“Exploring the Peloponnese” is Peter Sommer Travels’ second scheduled tour in Greece in 2018. This year, to give an impression of the experience, we are providing a diary of sorts on our blog, following last year’s precedents in Crete and the Dodecanese. Rather than describing every day in detail (you can check our itineraries on www.petersommer.com for that), every day we will pick one image we took that day, accompanied by some explanations and thoughts.
If you like the kind of literature that presents the past as a vast conspiracy, you might be aware of the phrase ‘Et in Arcadia ego’ – ‘I, too, am an Arcadia’, a reference to the central mountainous region of the Peloponnese, its bucolic splendour and a sense of an unspoilt rural life, the ‘I’ being death. It comes to us from the Roman poet Virgil and it is meant to be a reflection on how the realities of life, especially its finality, apply everywhere. Arcadia is chosen as the location because it was seen by the ancient Greeks and Romans as a region especially clear of (then-)modern corruption.

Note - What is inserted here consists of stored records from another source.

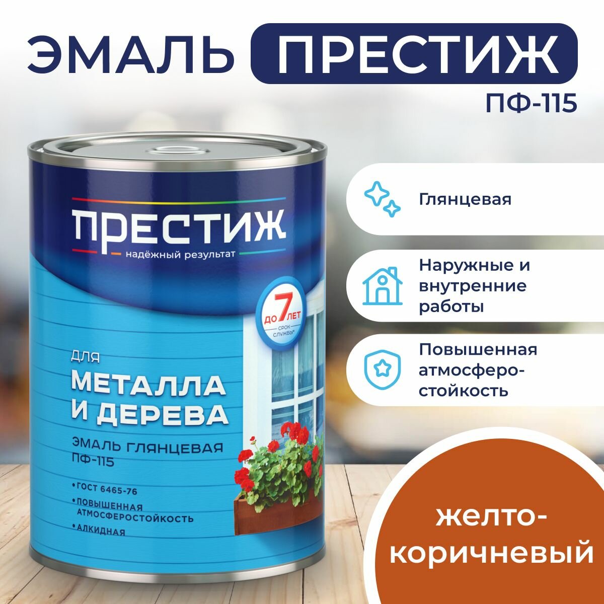 Эмаль ПФ-115 для металла и дерева Престиж, алкидная, глянцевая, 0,9 кг, желто-коричневая
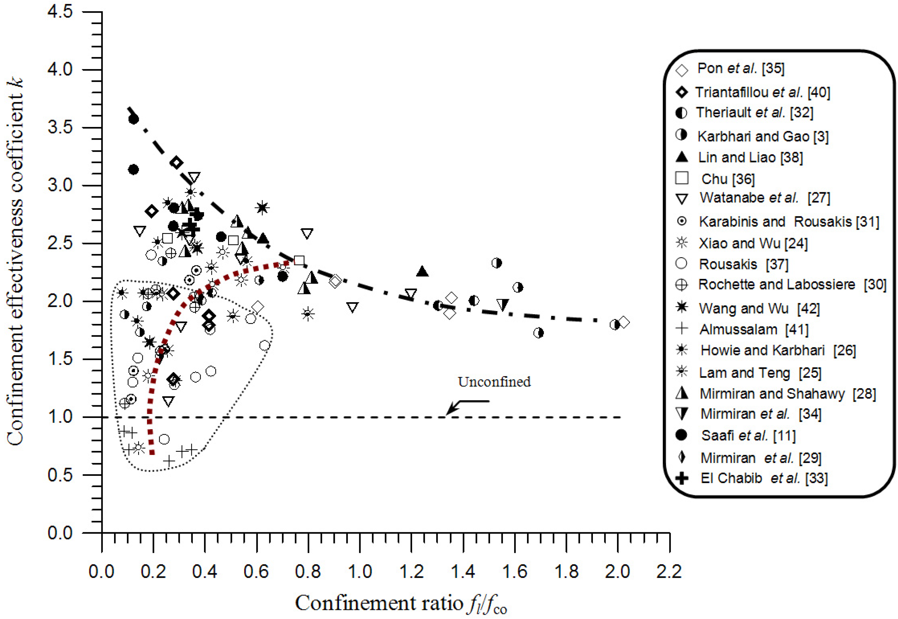 Saatcioglu and Razvi [47] found that the coefficient k decreases with increasing confining pressure by approaching a constant value in high lateral stresses. While Candappa et al. [50] proposed k = 5.3 for low confinement levels, Ansari and Li [10] found k = 2.6 for high confinement levels. Dahl [51] has shown that the traditional value of k = 4.1 overestimates the ultimate strength for the confinement ratios exceeding 0.5. For FRP-confined concrete, while some authors suggested a constant value for k [6,14,22,52,53,54], according to other authors, k should be a function decreasing with the confinement ratio [3,11,12,13,20,55].
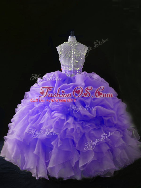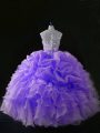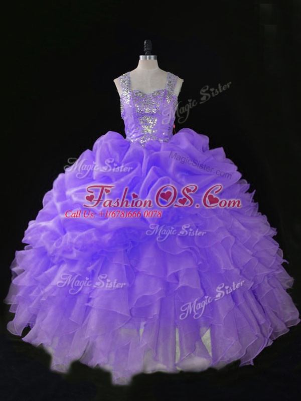 Exceptional Lavender Ball Gowns Straps Sleeveless Organza Floor Length Zipper Beading and Ruffles and Pick Ups Quinceanera Dress
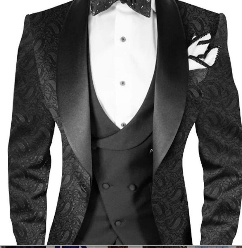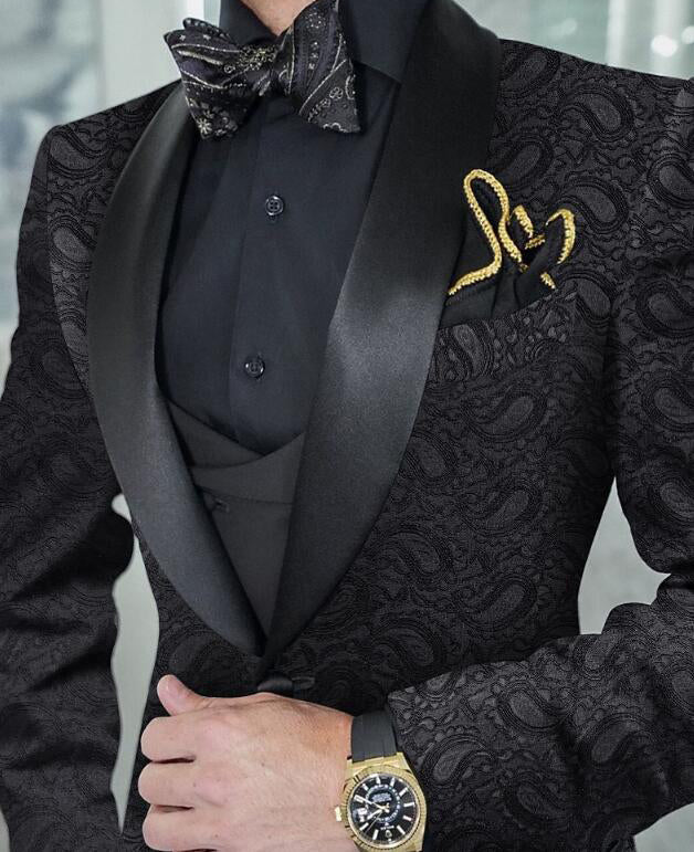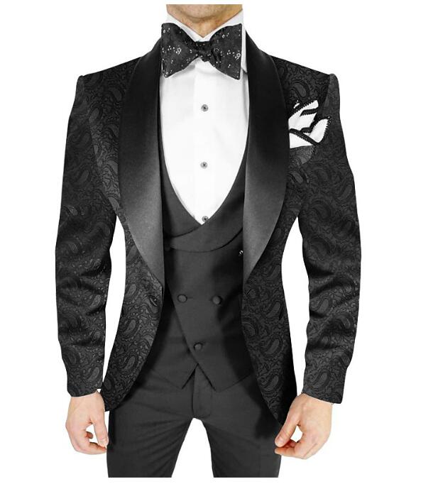 Esmoquin de boda de 3 piezas con solapa chal y diseño de cachemira en jacquard negro CS2414
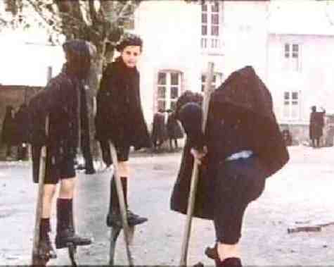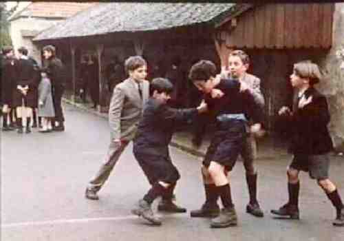 This French film is one of the classic films dealing with World War II boyhoods. It begins much like an ordinary school film with the normal friendships and conflicts among the boys. The film centers on the conflict and then growing frienship between the star pupil and a new boy who provides a little competition. Increasingly the War infringes upn the school. Along with being a fine film, many of the classoc French chool styles are seen, including berets, capes, short pants, and kneesocks. As younger children are not at the school, smocks are not pictured.
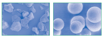 傳統色粉 (左)和 EA 色粉(右)的比較 資料提供 XEROX |
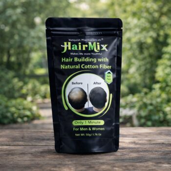 HairMix Fibers makes thinning hair look thicker and fuller in 1 minute. Simply shake HairMix Fiber into any area of thinning hair. The cotton fibers instantly cling to and fill out existing hair. In a matter of seconds, hair looks significantly thicker, fuller, and scalp show -through disappears. Lasts all day, through perspiration, wind and rain. Yet it easily removes with any shampoo. HairMix Fibers are designed to enhance the appearance and health of your hair.
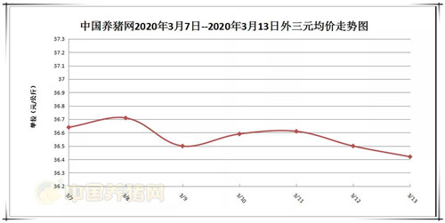2020年3月13日,据中国养猪网猪价系统监测全国外三元均价为36.42元/公斤,价格较昨日下跌了0.08元/公斤。上周全国外三元均价为36.82元/公斤,今日较上周下跌了0.40元/公斤。内三元均价为35.69元/公斤,较昨日下跌了0.11元/公斤。土杂猪均价为35.10元/公斤,价格较昨日下跌了0.15元/公斤。
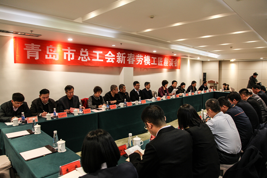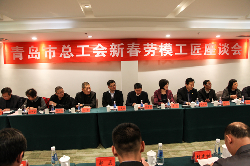 1月24日,市总工会召开2019年新春劳模工匠座谈会,对全市劳模工匠进行春节慰问,会议邀请全市各条战线上的十四名一线劳模工匠畅谈我市改革开放40年来工人阶级的发展进步,听取劳模工匠对产业工人队伍建设改革和工会工作的意见建议。市总工会党组书记、常务副主席彭建国出席并讲话,市总工会副主席李丽代表市总工会介绍2018年工作情况和全国工会第十七次代表大会、山东省工会第十五次代表大会和青岛市工会第十四次代表大会精神,市总工会经审委主任逄京林主持会议,市总工会副主席孙更新、副巡视员阮丁、副巡视员王爱民和相关部门负责人参加座谈。
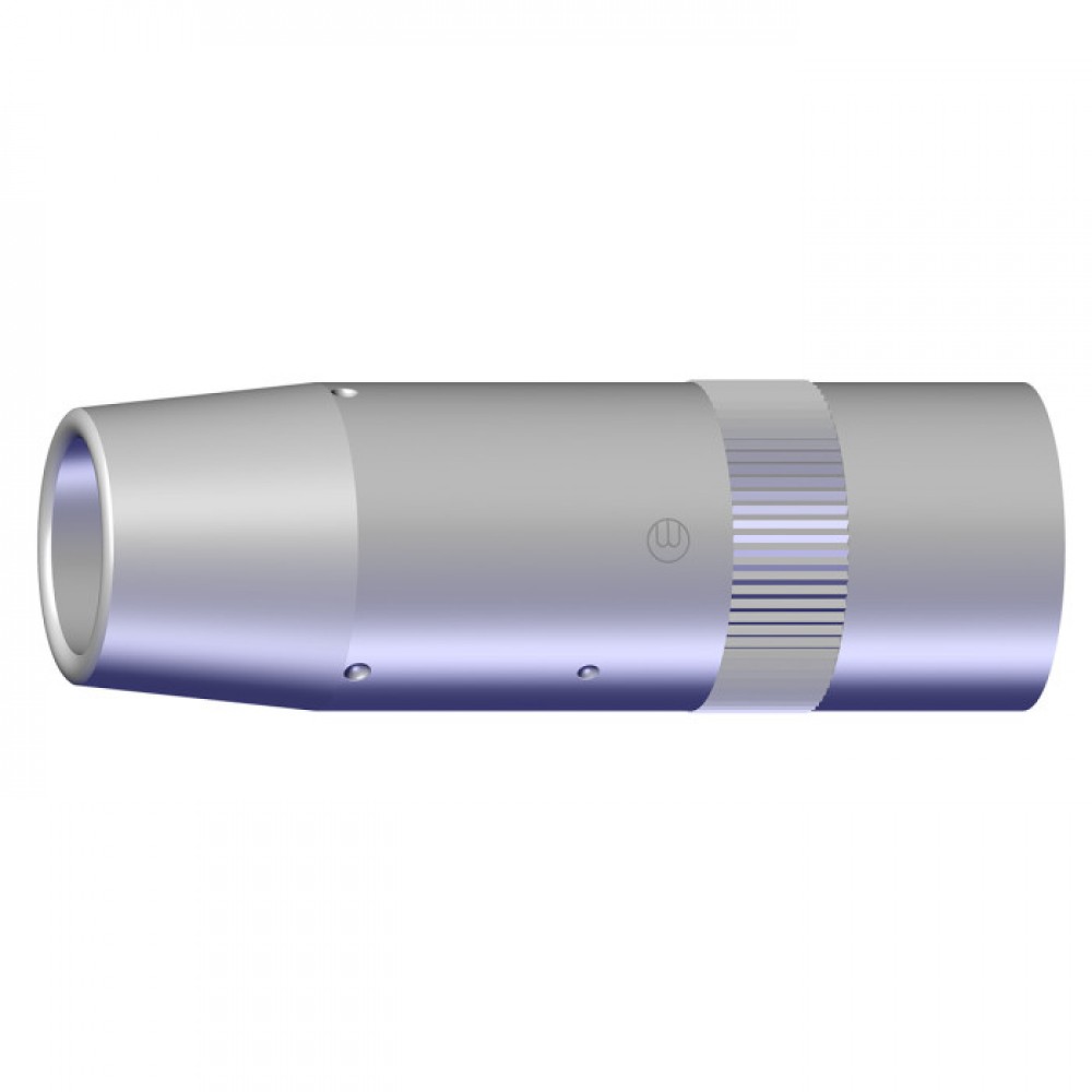 Газове сопло призначене для використання в зварювальних пальниках MIG/MAG. Забезпечує спрямований потік захисного газу до зони зварювання, що сприяє якісному формуванню зварного шва та захисту зварювальної ванни від впливу атмосферного повітря.Сумісне з пальниками системи ABIMIG WT440
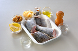 ・振り塩とは、魚の20~30cm上より指の間から塩を落として、魚全体に塩を振り掛けること。魚から離すことでまんべんなく全体に塩を振ることができます。 |
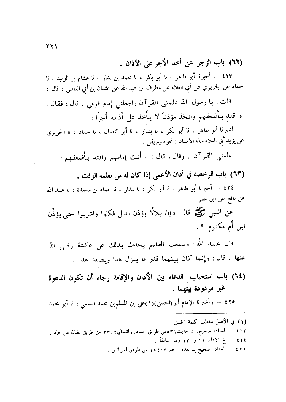 423 - نا مُحَمَّدُ بْنُ بَشَّارٍ، نا هِشَامُ بْنُ الْوَلِيدِ، نا حَمَّادٌ، عَنِ الْجُرَيْرِيِّ، عَنْ أَبِي الْعَلَاءِ، عَنْ مُطَرِّفِ بْنِ عَبْدِ اللَّهِ، عَنْ عُثْمَانَ بْنِ أَبِي الْعَاصِ قَالَ: قُلْتُ: يَا رَسُولَ اللَّهِ، عَلِّمْنِي الْقُرْآنَ وَاجْعَلْنِي إِمَامَ قَوْمِي قَالَ: فَقَالَ: «§اقْتَدِ بِأَضْعَفِهِمْ، وَاتَّخِذْ مُؤَذِّنًا لَا يَأْخُذُ عَلَى أَذَانِهِ أَجْرًا» نا بُنْدَارٌ، نا أَبُو النُّعْمَانِ، نا حَمَّادٌ، نا الْجُرَيْرِيُّ، عَنْ يَزِيدَ أَبِي الْعَلَاءِ بِهَذَا الْإِسْنَادِ نَحْوَهُ، وَلَمْ يَقُلْ: عَلِّمْنِي الْقُرْآنَ، وَقَالَ: قَالَ: «أَنْتَ إِمَامُهُمْ وَاقْتَدِ بِأَضْعَفِهِمْ» K423 - قال الأعظمي: إسناده صحيح
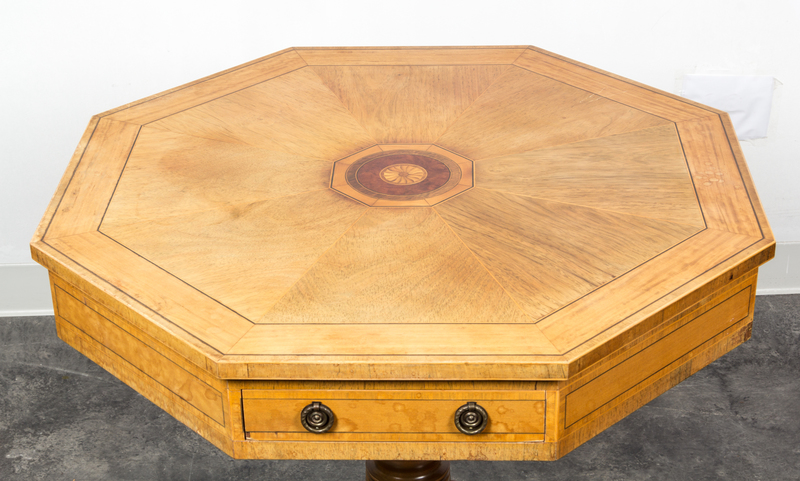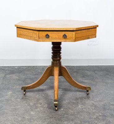 having an octagonal top with opposing drawers, raised on four splayed legs ending in brass caps and casters.
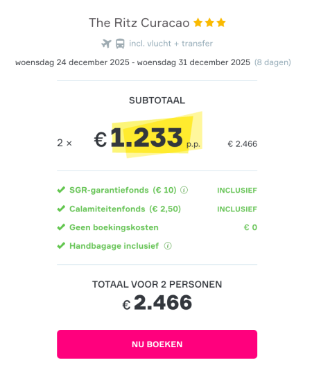 CuraçaoSlapen in een oude ijsfabriek? Dat kan bij The Ritz Village! Dit hotel is een klein dorpje midden in het prachtige Willemstad. Het heeft een leuk straatje met een eigen zwembadbar, minimarkt én wasserette. En het leuke van allemaal: wist je dat je bij het in- en uitchecken een ijsje krijgt? Wat cool! Wil je lekker ontspannen? Dat kan bij het bubbelbad of zwembad. Liever wat actiefs doen? Wandel dan naar het gezellige Pietermaai of huur een auto en rij naar de mooiste plekken op Curaçao.
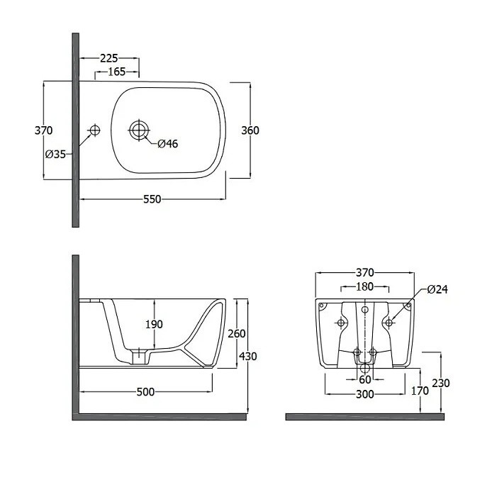 Биде Resa 37х55 см, подвесное, без крышки, Kludi
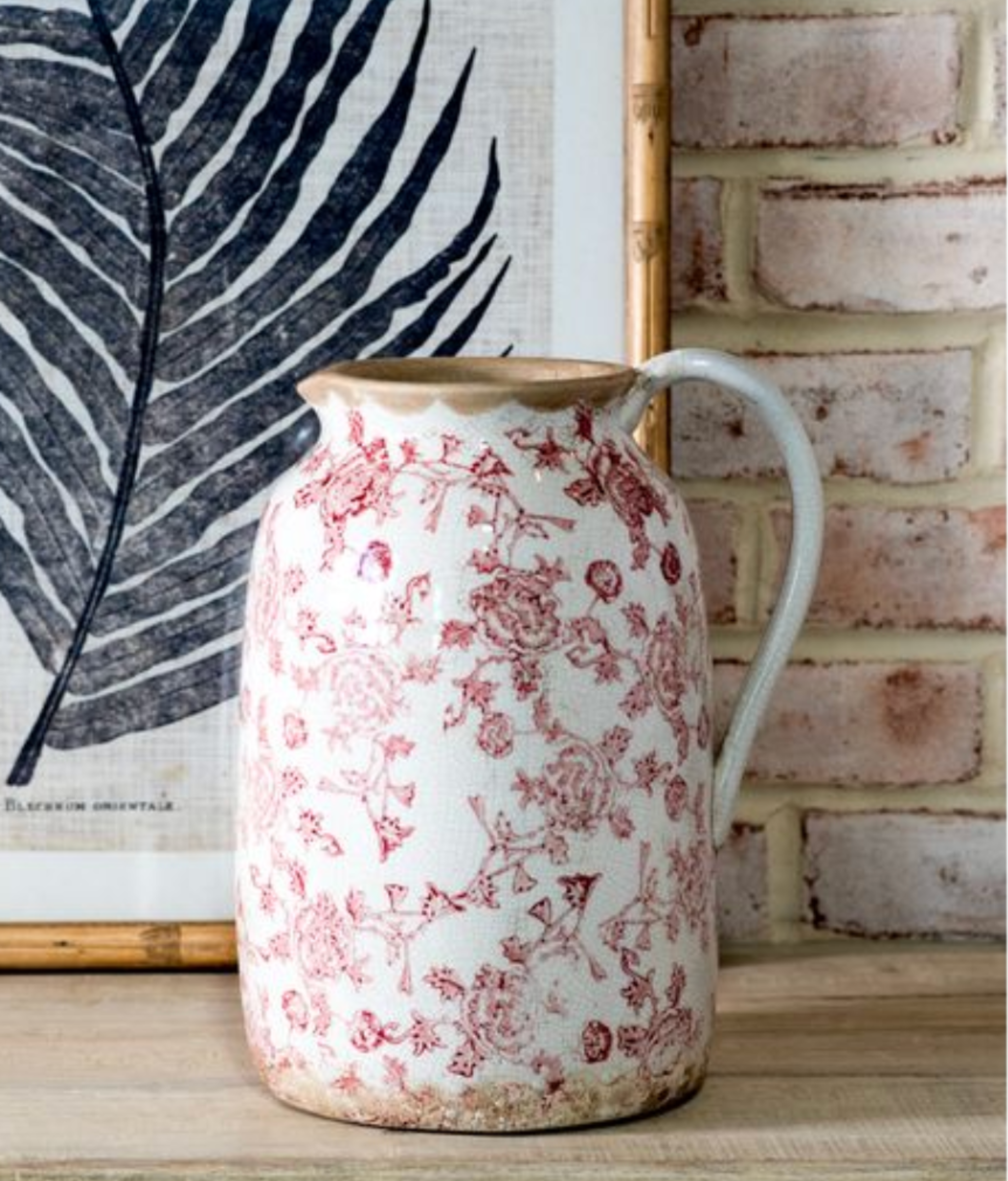 Introduce a touch of timeless, artisan-crafted charm to your home with this exquisite ceramic pitcher. The piece features a classic, bulbous silhouette adorned with an heirloom-inspired red and white floral motif, reminiscent of traditional French Toile de Jouy designs. Crafted from durable stoneware, the pitcher boasts a subtly crackled, high-gloss glaze across its body, beautifully contrasting with the natural, unglazed rim and a simple, elegant handle. This versatile vessel serves as a perfect standalone sculptural piece or a beautiful vase for displaying lush greenery or seasonal blooms.
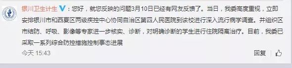 15时43分,@银川卫生计生 对该微博作出官方回复:“您好,就您反映的问题3月10日已经有网友反馈了。当日,我委高度重视,立即安排银川市和西夏区两级疾控中心协同自治区第四人民医院到该校进行深入流行病学调查。并组织区市结防、呼吸、影像等专家进一步核实、诊断,对明确诊断的学生进行住院隔离治疗。目前,我委已采取一系列综合防控措施控制事态进展。”

Arcadia is still special and still beautiful. It is still an untouched mountainous region of strange settlements and copious forests and occasional fields. Today, it is not just a literary trope, but a very real region of mountains, upland valleys, gorges and perching villages, an area that is geographically central, but socially, economically and in other terms remote. It is the core of the Peloponnese. We and our guests have spent last night and this one in a superb hotel in the mountain village/town of Dimitsana, set just above the gorge of the Lousios River, which we hear flowing every time we open our windows or enter our balconies.
Today was entirely given to exploring the mountain country of Arcadia. Our two main visits were the monastery of Agios Ioannis Prodromos (Saint John the Baptist) and the Temple of Apollo Epikourios, a UNESCO-listed World Heritage site. The Classical temple, the second-best preserved in Greece, is greatly important and currently undergoing a very complex consolidation project and I promise I will write about it here before long.
That said, the Prodromos monastery was certainly today’s highlight. Approached by a 20-minute cliffside walk, it is one of those mad places that only faith can explain. The local monks place its beginnings in the 12th century, but observation suggests a 15th or 16th century origin at the earliest. Whatever its age, the complex was built as a literal cliffhanger, hidden most efficiently from hostile and prying eyes. This way an entire monastery, with its central chapel, its monks’ cells, refectory and other supporting structures, is fitted into the hollow of an overhanging cliff. The place is just extraordinary, overwhelming, violent and quiet at the same time. In spite of its extreme location, the monastery of Agios Ioannis Prodromos breathes peace and serenity at every step. It also offers hospitality to visitors, in the form of coffee and sweets.
Tomorrow, we will descend to the coast and see one of the most important Bronze Age monuments in Greece: Tiryns.